[Data section]
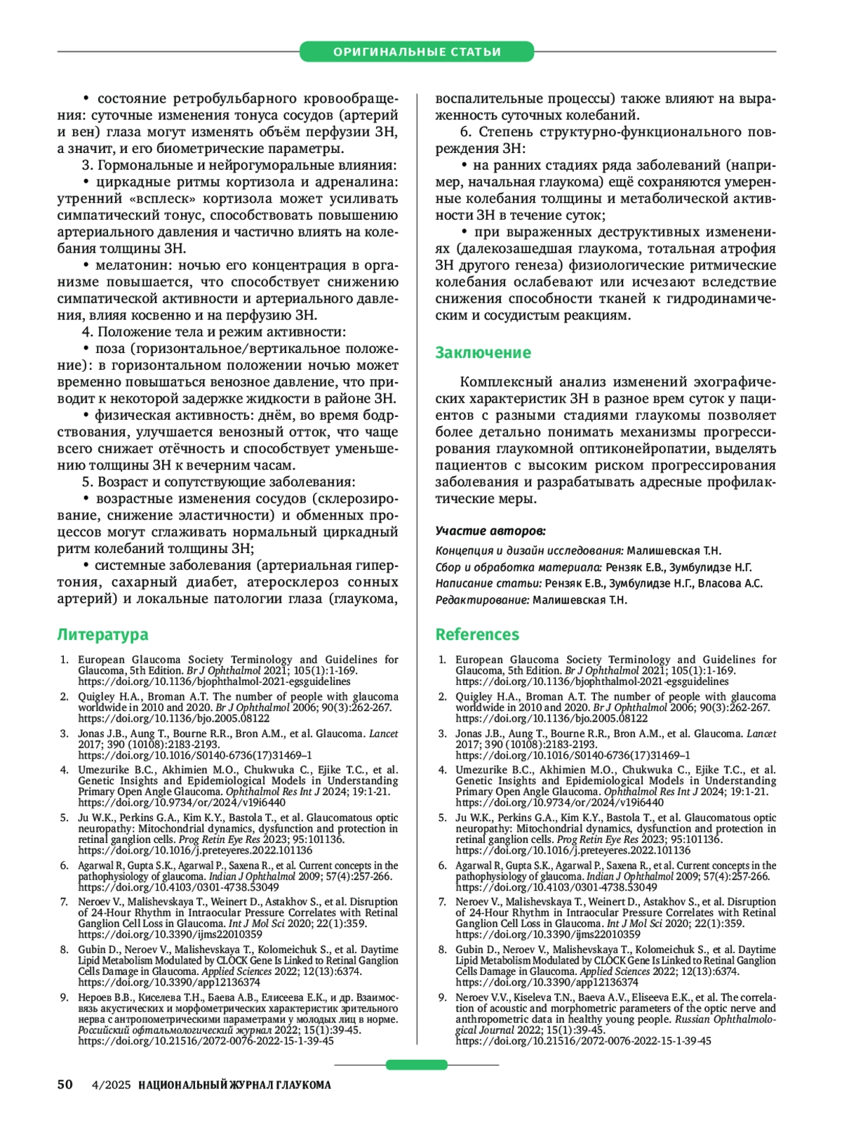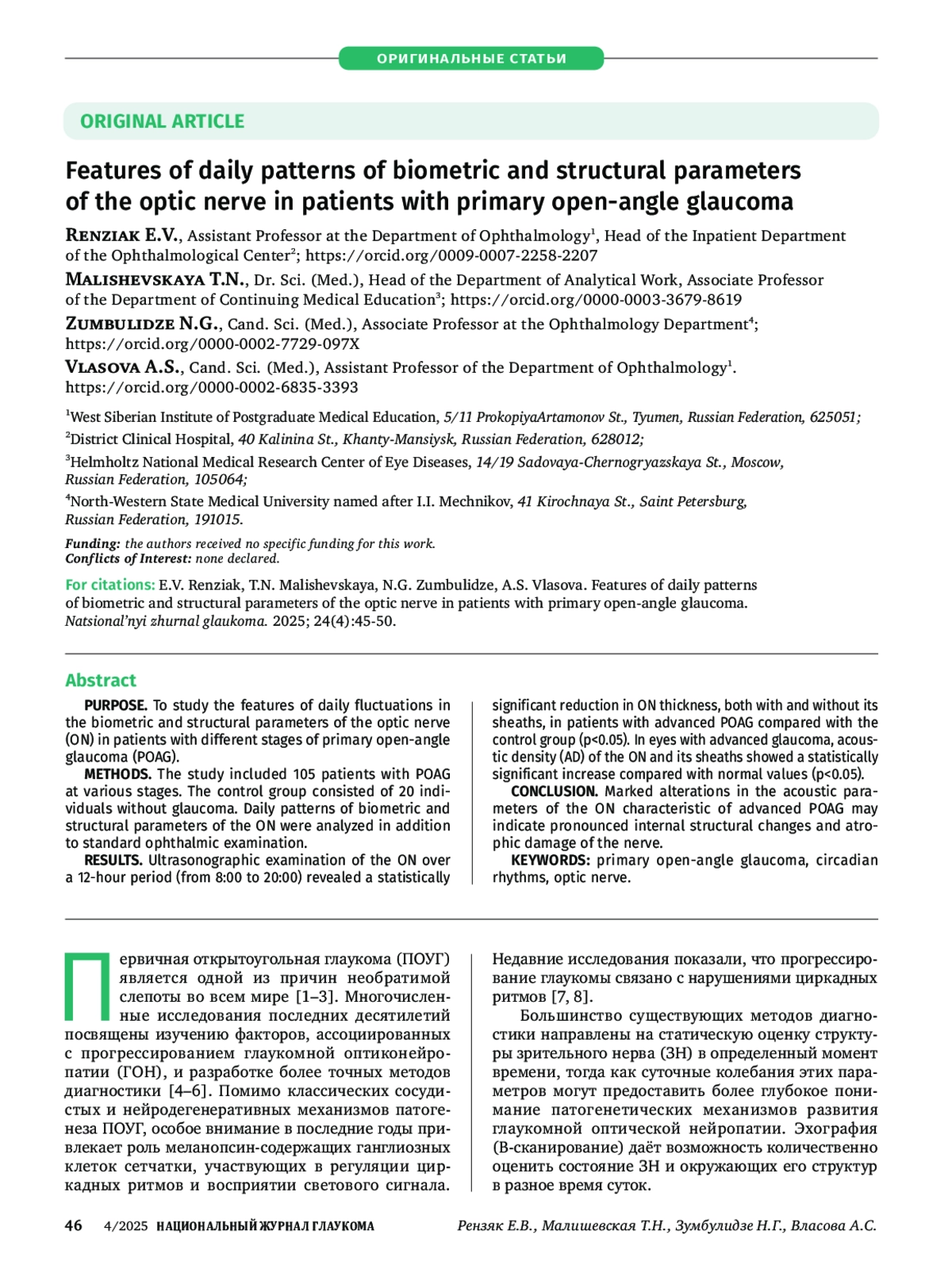 ЗУМБУЛИДЗЕ Н. Г., РЕНЗЯК Е. В., МАЛИШЕВСКАЯ Т. Н., ВЛАСОВА А.С. ОСОБЕННОСТИ СУТОЧНЫХ ПАТТЕРНОВ БИОМЕТРИЧЕСКИХ И СТРУКТУРНЫХ ПАРАМЕТРОВ ЗРИТЕЛЬНОГО НЕРВА У ПАЦИЕНТОВ С ПЕРВИЧНОЙ ОТКРЫТОУГОЛЬНОЙ ГЛАУКОМОЙ // НАЦИОНАЛЬНЫЙ ЖУРНАЛ ГЛАУКОМА. 2025. № 4, ТОМ 24
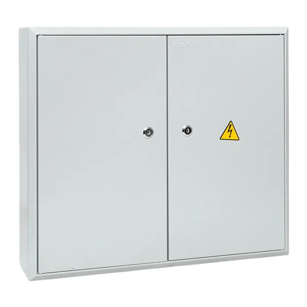 Металлический корпус ЩРН от производителя EKF серии PROxima предназначен для установки устройств автоматики модульного типа, а также для сборки систем передачи электроэнергии потребителям и защиты включенного в электросеть оборудования от негативного воздействия тока при возникновении аварийной ситуации. Он представляет собой оболочку навесного типа, выполненную из листовой стали толщиной 1 мм. Данная модель создана сварным методом, чем обеспечивает жесткость и герметичное соединение частей корпуса. Она обладает степенью влаго- и пылезащиты IP31. Внутреннее пространство состоит из 2 панелей, которые содержат по 3 ряда вместимостью до 12 модулей. Общее количество устройств, допустимых для монтажа, составляет 72 единицы с номинальным значением тока до 125 Ампер.
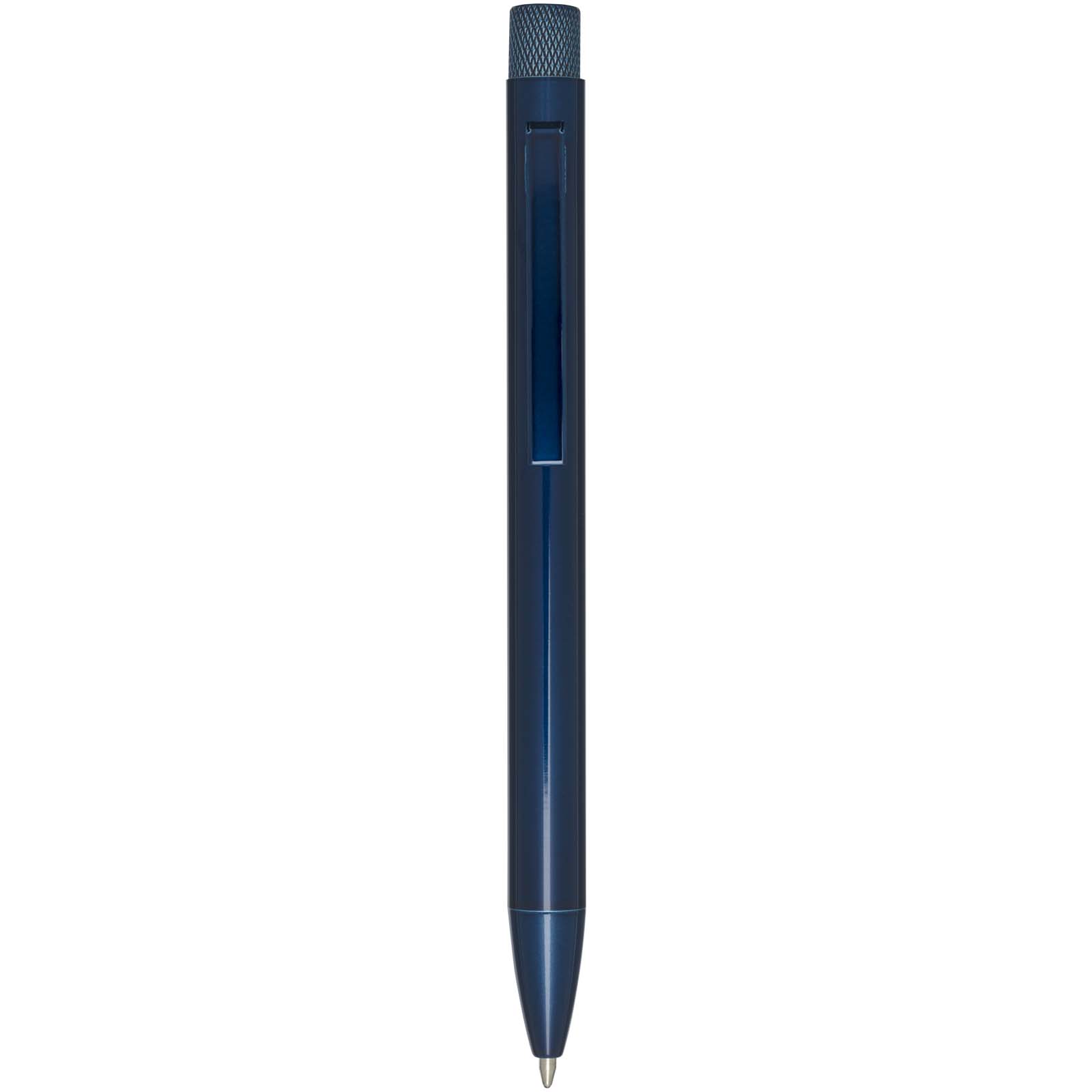 Kuulakärkikynä, jossa on värillinen spraypinnoite. Painike ja kärki on valmistettu messingistä, runko kierrätetystä messingistä ja klipsi raudasta. Musteen väri: Sininen. Kirjoituspituus: 1000 metriä. Kirjoitusjäljen paksuus: 1,0 mm. Toimitetaan lahjapakkauksessa.
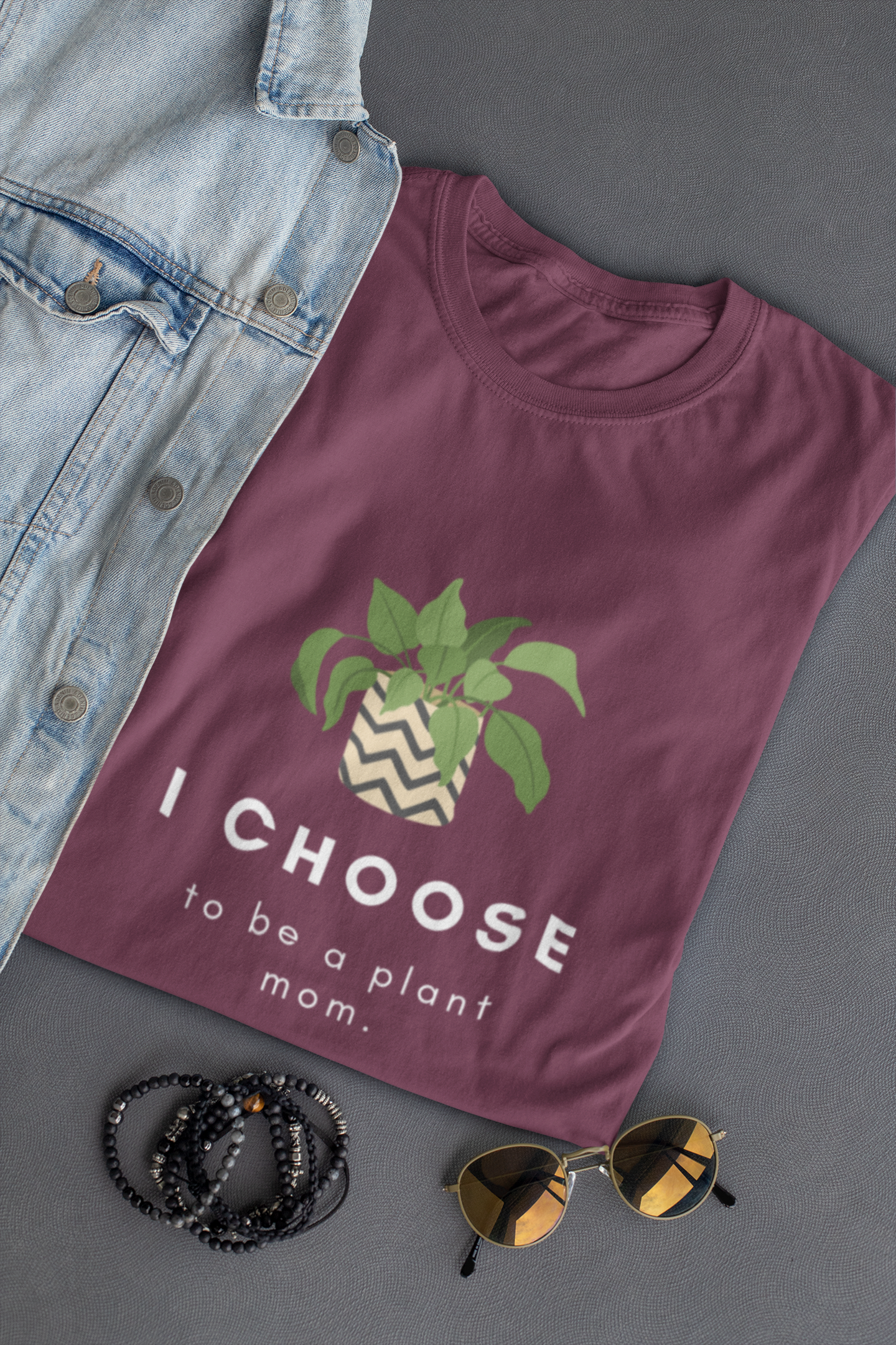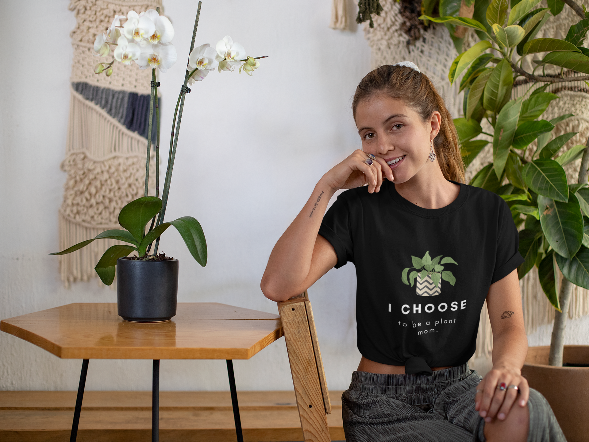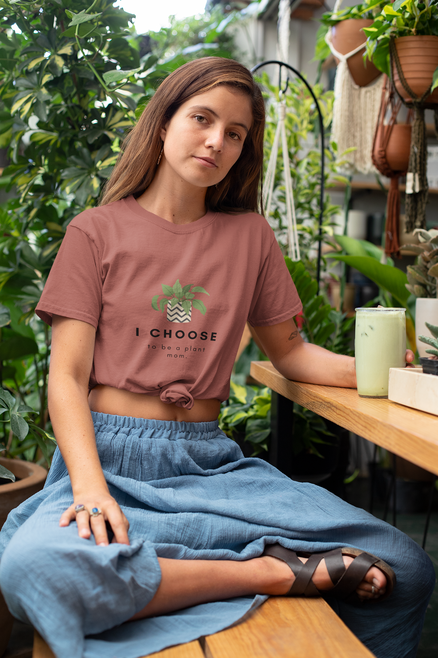 Plant Mom T-Shirt, Graphic Tee for Plant Lovers, Cute Botanical Shirt, Women's Casual Gardening Top, I Choose to be a Plant Mom Tee

[Work required]
With the pictures omitted, the material is to be transcribed exactly.

[Problem solution]
 ЗУМБУЛИДЗЕ Н. Г., РЕНЗЯК Е. В., МАЛИШЕВСКАЯ Т. Н., ВЛАСОВА А.С. ОСОБЕННОСТИ СУТОЧНЫХ ПАТТЕРНОВ БИОМЕТРИЧЕСКИХ И СТРУКТУРНЫХ ПАРАМЕТРОВ ЗРИТЕЛЬНОГО НЕРВА У ПАЦИЕНТОВ С ПЕРВИЧНОЙ ОТКРЫТОУГОЛЬНОЙ ГЛАУКОМОЙ // НАЦИОНАЛЬНЫЙ ЖУРНАЛ ГЛАУКОМА. 2025. № 4, ТОМ 24
 Металлический корпус ЩРН от производителя EKF серии PROxima предназначен для установки устройств автоматики модульного типа, а также для сборки систем передачи электроэнергии потребителям и защиты включенного в электросеть оборудования от негативного воздействия тока при возникновении аварийной ситуации. Он представляет собой оболочку навесного типа, выполненную из листовой стали толщиной 1 мм. Данная модель создана сварным методом, чем обеспечивает жесткость и герметичное соединение частей корпуса. Она обладает степенью влаго- и пылезащиты IP31. Внутреннее пространство состоит из 2 панелей, которые содержат по 3 ряда вместимостью до 12 модулей. Общее количество устройств, допустимых для монтажа, составляет 72 единицы с номинальным значением тока до 125 Ампер.
 Kuulakärkikynä, jossa on värillinen spraypinnoite. Painike ja kärki on valmistettu messingistä, runko kierrätetystä messingistä ja klipsi raudasta. Musteen väri: Sininen. Kirjoituspituus: 1000 metriä. Kirjoitusjäljen paksuus: 1,0 mm. Toimitetaan lahjapakkauksessa.
 Plant Mom T-Shirt, Graphic Tee for Plant Lovers, Cute Botanical Shirt, Women's Casual Gardening Top, I Choose to be a Plant Mom Tee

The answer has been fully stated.